American musical artist (1920–2005)

James Henry Oliver (April 28, 1920 - February 4, 2005) was a tenor saxophonist and bandleader based in Philadelphia. Active from the mid-1940s, his bands, including the house band at local venues, featured, among other musicians, Philly Joe Jones, Steve Davis, Red Garland, Johnny Coles Charlie Rice, Sam Reed and Mickey Roker. He has been cited as one of several sax players who influenced John Coltrane.

Turning down the temptation to work in New York, he preferred to play locally in Philadelphia, alongside local jazz stars such as Bootsie Barnes, the Heath Brothers and Philly Joe Jones as well as visiting stars Charlie Parker, Pearl Bailey and Max Roach, and, especially around 1946-47, while in residence at the Zanzibar Café, he was noted for playing "against" visitors Lester Young, Coleman Hawkins, Ben Webster, Dexter Gordon, Illinois Jacquet, Arnett Cobb, George Auld and Charlie Ventura.
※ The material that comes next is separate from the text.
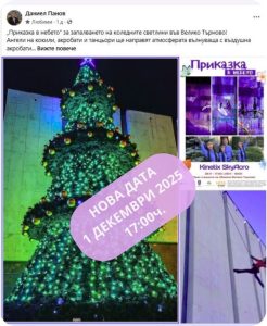Запалването на коледната украса на Велико Търново и акробатичното шоу “Приказка в небето” с нова дата – на 1-и декември от 17:00 ч. пред Общината.

On one of his very few known recordings, on September 16, 1950, Oliver sat in for John Coltrane, who was ill, and recorded with the Dizzy Gillespie sextet for Prestige. The album, Prestige 1st Sessions, Vol. 3, released in 1994, features a solo by Oliver on the track "She's Gone Again".

He also appears on Papa Jo Jones' last recording, Our Man, Papa Jo! (1982), with Hank Jones, Major Holley.